Should the listing contain images, exclude them; give the rest again exactly.

──────────

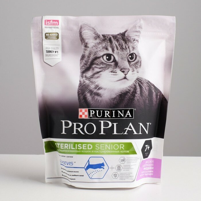 Сухой корм Pro Plan для стерилизованных кошек и кастрированных котов старше 7 лет, с индейкой, Пакет, 400г
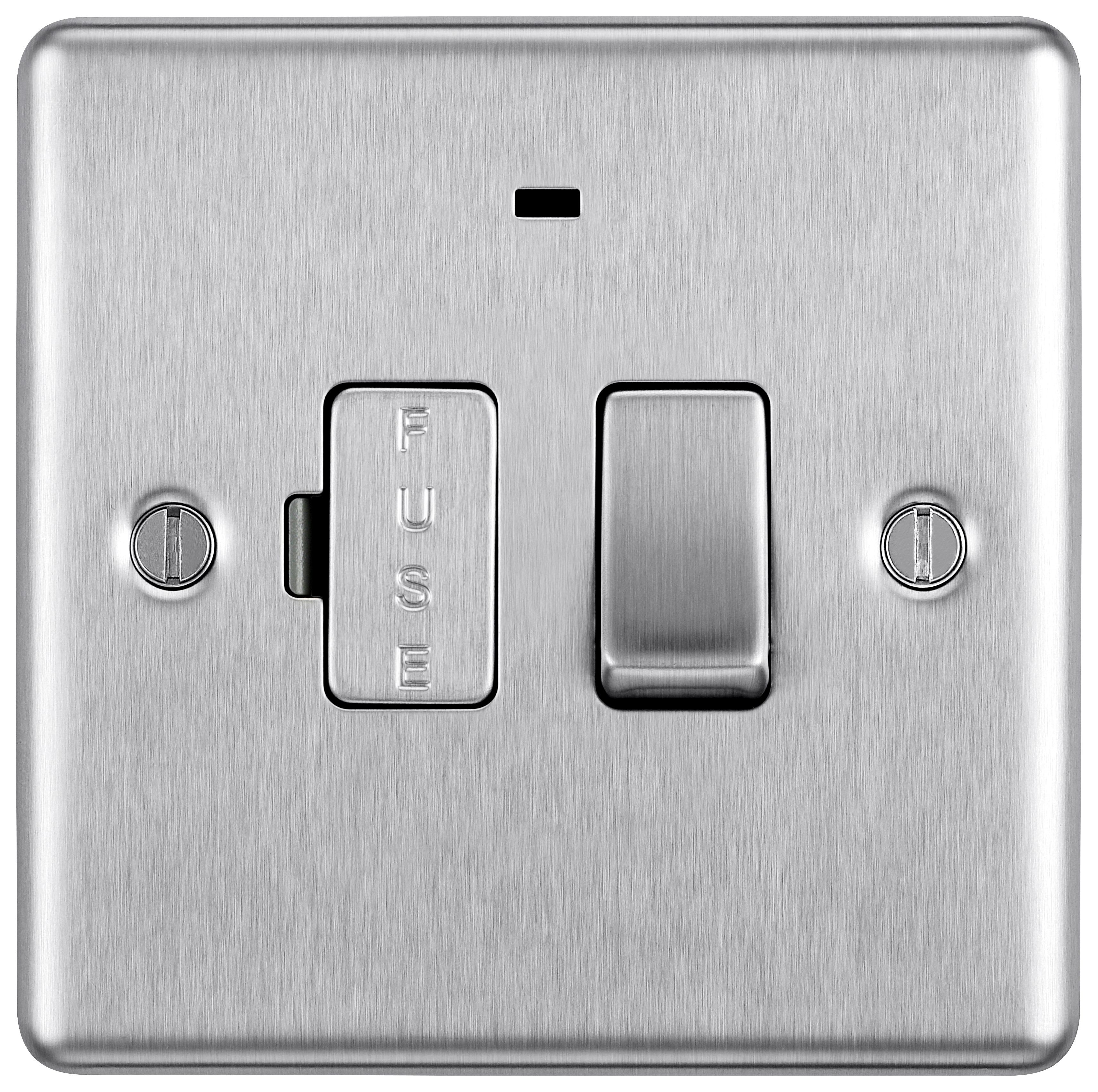 BG 13A Screwed Raised Plate Switched Fused Connection Unit with Power Indicator - Brushed Steel
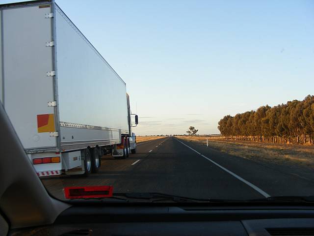 Truck pass 3 12th April 08.jpg ~ Closer, and a B-Double going the other way 110km speed limit
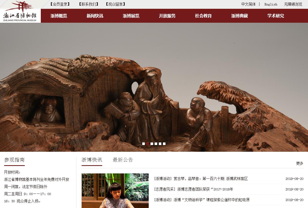 浙江省博物館始建于1929年,初名“浙江省西湖博物館”,經(jīng)過九十年的發(fā)展,她已發(fā)展成為浙江省內(nèi)規(guī)模最大的綜合性人文科學(xué)博物館,形成了包括孤山館區(qū)、武林館區(qū)、名人舊居、文物保護科研基地等在內(nèi)的多層次、廣范圍的陳列展示與服務(wù)社會的新格局。浙江省博物館館藏文物及標(biāo)本十萬余件,文物品類豐富,年代序列完整。其中,河姆渡文化遺物,良渚文化玉器,越文化遺存,越窯、龍泉窯青瓷,五代兩宋佛教文物,漢代會稽鏡,宋代湖州鏡,南宋金銀貨幣,歷代書畫和金石拓本,歷代漆器等,都是極具地域特色及學(xué)術(shù)價值的珍貴歷史文物。目前,浙江省博物館設(shè)有“越地長歌——浙江歷史文化陳列”、“錢江潮——浙江現(xiàn)代革命歷史陳列”兩個基本陳列和“昆山片玉——中國古代陶瓷陳列”、“畫之大者——黃賓虹藝術(shù)陳列”、“重華綺芳——宋元明清漆器藝術(shù)陳列”、“非凡的心聲——世界非物質(zhì)文化遺產(chǎn)中的中國古琴”、“意匠生輝——浙江民間造型藝術(shù)”、“十里紅妝——寧紹婚俗中的紅妝家具”、“文瀾遺澤——文瀾閣與《四庫全書》”等專題陳列。此外,浙江省博物館還每年向社會推出約三十個題材多樣、內(nèi)容豐富的臨時展覽,多個展覽獲評“全國博物館十大陳列展覽精品獎”。浙江省博物館始終堅持以學(xué)術(shù)研究立館,通過對藏品、歷史文化以及博物館學(xué)的研究,服務(wù)于博物館的文物收藏與保護、陳列展示,從而更好地發(fā)揮了博物館的社會教育、文明傳承以及文化傳播功能。近年來,浙江省博物館各項事業(yè)取得了長足的發(fā)展,得到了社會各界的充分肯定。2006年浙江省博物館被文化部評為全國“公共文化設(shè)施管理先進單位”, 2008年被國家文物局評為“國家一級博物館”,2009年被中共中央宣傳部評為“全國愛國主義教育示范基地”,同年又被國家文物局、財政部評為“中央地方共建國家級博物館”。2012年被中宣部、文化部、國家廣電總局與新聞出版總署聯(lián)合授予 “全國文化體制改革工作先進單位”稱號,在2014-2016年度國家一級博物館運行評估中獲評“優(yōu)秀”。浙江省博物館工作職責(zé):以學(xué)術(shù)研究立館,通過對藏品、歷史文化以及博物館學(xué)的研究,服務(wù)于博物館的文物收藏與保護、陳列展示,從而更好地發(fā)揮了博物館的社會教育、文明傳承以及文化傳播功能。
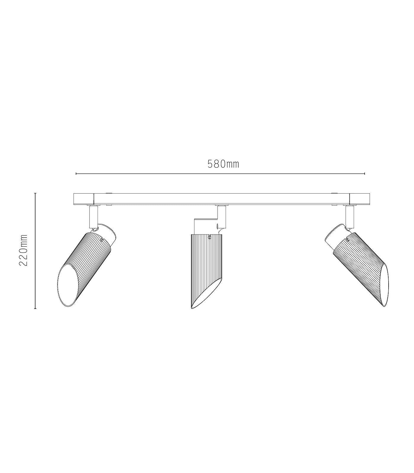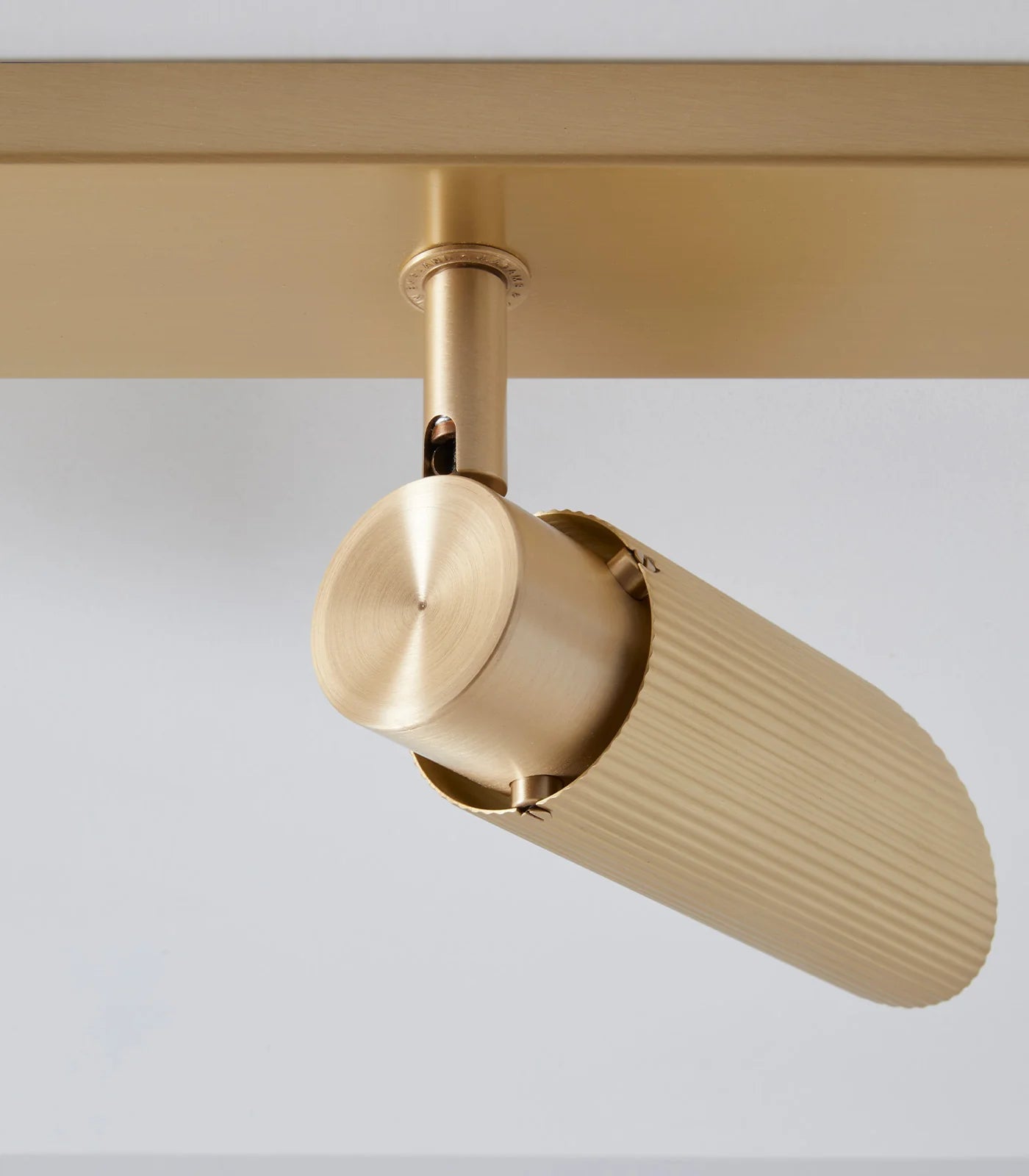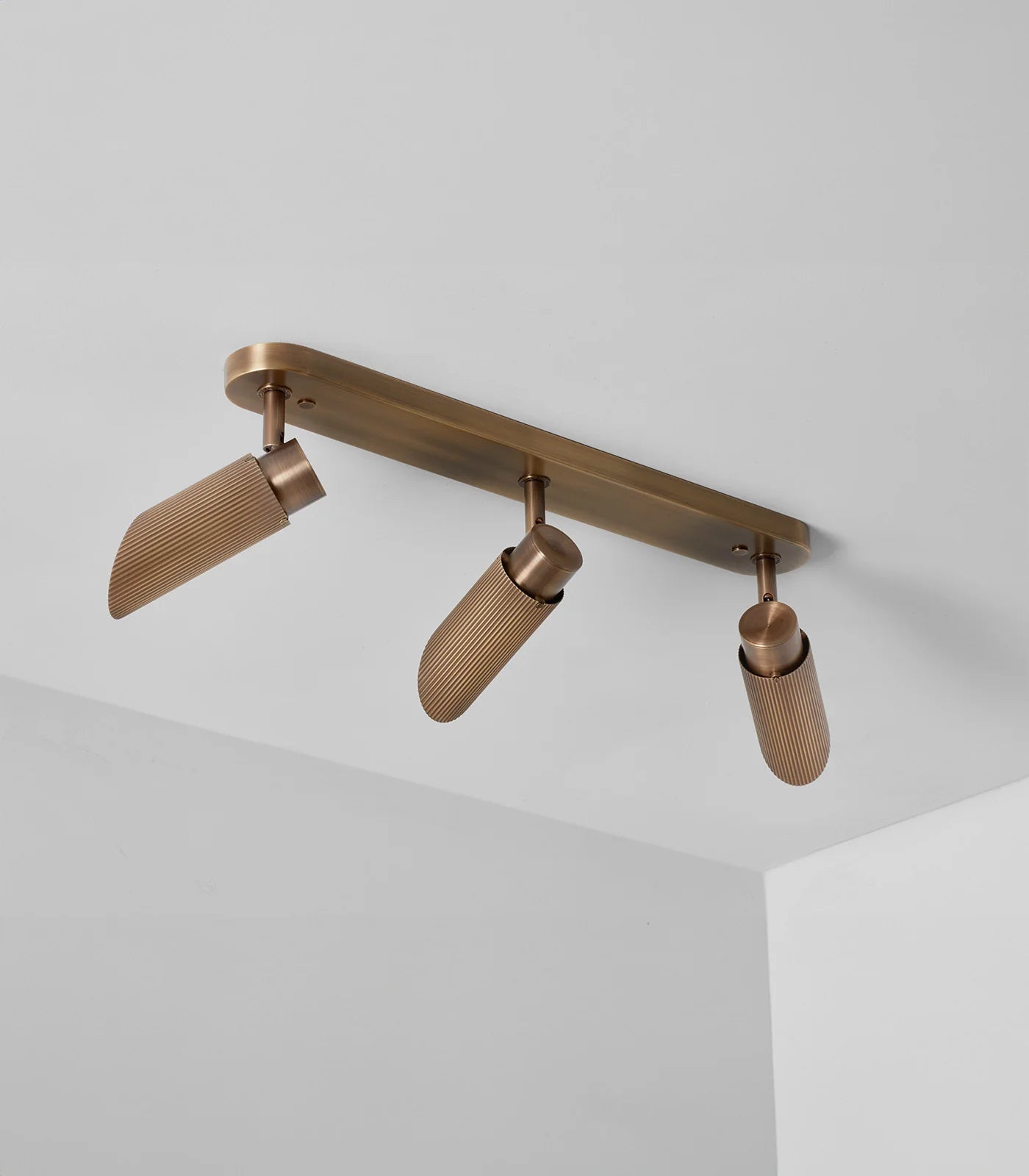 Crafted with a subtly reeded metal finish, this piece brings texture and modern character to ceilings. Each head is engineered with recessed LEDs and angled detailing to soften glare while maintaining strong, efficient illumination. A thoughtful blend of form and function, this triple ceiling light suits contemporary interiors seeking precision lighting with a streamlined, understated presence.

──────────

*Result for this exercise*
 Сухой корм Pro Plan для стерилизованных кошек и кастрированных котов старше 7 лет, с индейкой, Пакет, 400г
 BG 13A Screwed Raised Plate Switched Fused Connection Unit with Power Indicator - Brushed Steel
 Truck pass 3 12th April 08.jpg ~ Closer, and a B-Double going the other way 110km speed limit
 浙江省博物館始建于1929年,初名“浙江省西湖博物館”,經(jīng)過九十年的發(fā)展,她已發(fā)展成為浙江省內(nèi)規(guī)模最大的綜合性人文科學(xué)博物館,形成了包括孤山館區(qū)、武林館區(qū)、名人舊居、文物保護科研基地等在內(nèi)的多層次、廣范圍的陳列展示與服務(wù)社會的新格局。浙江省博物館館藏文物及標(biāo)本十萬余件,文物品類豐富,年代序列完整。其中,河姆渡文化遺物,良渚文化玉器,越文化遺存,越窯、龍泉窯青瓷,五代兩宋佛教文物,漢代會稽鏡,宋代湖州鏡,南宋金銀貨幣,歷代書畫和金石拓本,歷代漆器等,都是極具地域特色及學(xué)術(shù)價值的珍貴歷史文物。目前,浙江省博物館設(shè)有“越地長歌——浙江歷史文化陳列”、“錢江潮——浙江現(xiàn)代革命歷史陳列”兩個基本陳列和“昆山片玉——中國古代陶瓷陳列”、“畫之大者——黃賓虹藝術(shù)陳列”、“重華綺芳——宋元明清漆器藝術(shù)陳列”、“非凡的心聲——世界非物質(zhì)文化遺產(chǎn)中的中國古琴”、“意匠生輝——浙江民間造型藝術(shù)”、“十里紅妝——寧紹婚俗中的紅妝家具”、“文瀾遺澤——文瀾閣與《四庫全書》”等專題陳列。此外,浙江省博物館還每年向社會推出約三十個題材多樣、內(nèi)容豐富的臨時展覽,多個展覽獲評“全國博物館十大陳列展覽精品獎”。浙江省博物館始終堅持以學(xué)術(shù)研究立館,通過對藏品、歷史文化以及博物館學(xué)的研究,服務(wù)于博物館的文物收藏與保護、陳列展示,從而更好地發(fā)揮了博物館的社會教育、文明傳承以及文化傳播功能。近年來,浙江省博物館各項事業(yè)取得了長足的發(fā)展,得到了社會各界的充分肯定。2006年浙江省博物館被文化部評為全國“公共文化設(shè)施管理先進單位”, 2008年被國家文物局評為“國家一級博物館”,2009年被中共中央宣傳部評為“全國愛國主義教育示范基地”,同年又被國家文物局、財政部評為“中央地方共建國家級博物館”。2012年被中宣部、文化部、國家廣電總局與新聞出版總署聯(lián)合授予 “全國文化體制改革工作先進單位”稱號,在2014-2016年度國家一級博物館運行評估中獲評“優(yōu)秀”。浙江省博物館工作職責(zé):以學(xué)術(shù)研究立館,通過對藏品、歷史文化以及博物館學(xué)的研究,服務(wù)于博物館的文物收藏與保護、陳列展示,從而更好地發(fā)揮了博物館的社會教育、文明傳承以及文化傳播功能。
 Crafted with a subtly reeded metal finish, this piece brings texture and modern character to ceilings. Each head is engineered with recessed LEDs and angled detailing to soften glare while maintaining strong, efficient illumination. A thoughtful blend of form and function, this triple ceiling light suits contemporary interiors seeking precision lighting with a streamlined, understated presence.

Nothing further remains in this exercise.